▶ [Problem]: Output exactly the lines below, starting with the line that has "桃花科創產業園EPC總承包電梯安裝工程施工人員正在安裝電梯曳引機" and going on through the line that has "A magnificent temple", both included, and no other lines.

▶ [Records supplied]:
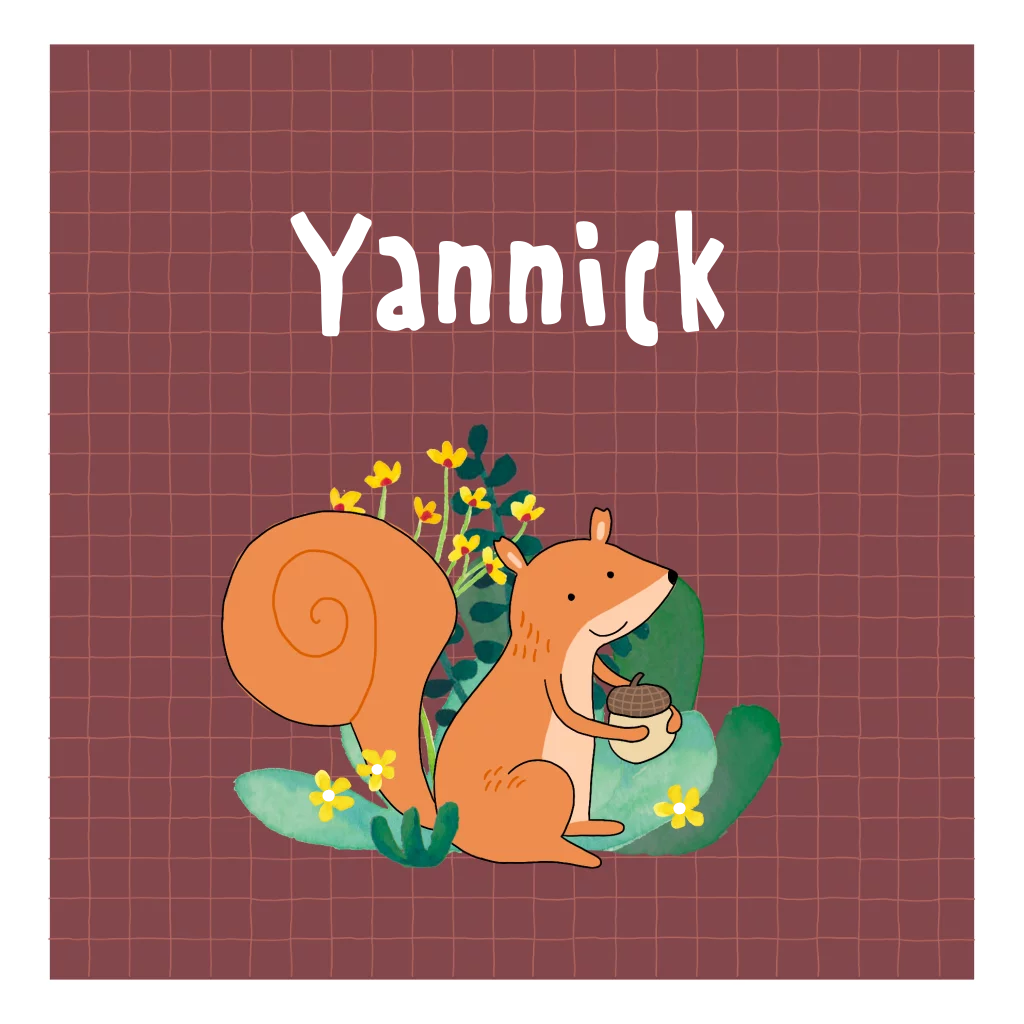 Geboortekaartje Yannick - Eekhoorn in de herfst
---
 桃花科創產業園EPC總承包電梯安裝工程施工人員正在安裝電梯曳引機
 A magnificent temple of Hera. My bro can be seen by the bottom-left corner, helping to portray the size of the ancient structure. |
...
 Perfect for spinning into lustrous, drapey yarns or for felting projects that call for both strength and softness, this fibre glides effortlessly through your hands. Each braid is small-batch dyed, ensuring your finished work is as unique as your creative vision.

▶ [Expected answer]:
 桃花科創產業園EPC總承包電梯安裝工程施工人員正在安裝電梯曳引機
 A magnificent temple of Hera. My bro can be seen by the bottom-left corner, helping to portray the size of the ancient structure. |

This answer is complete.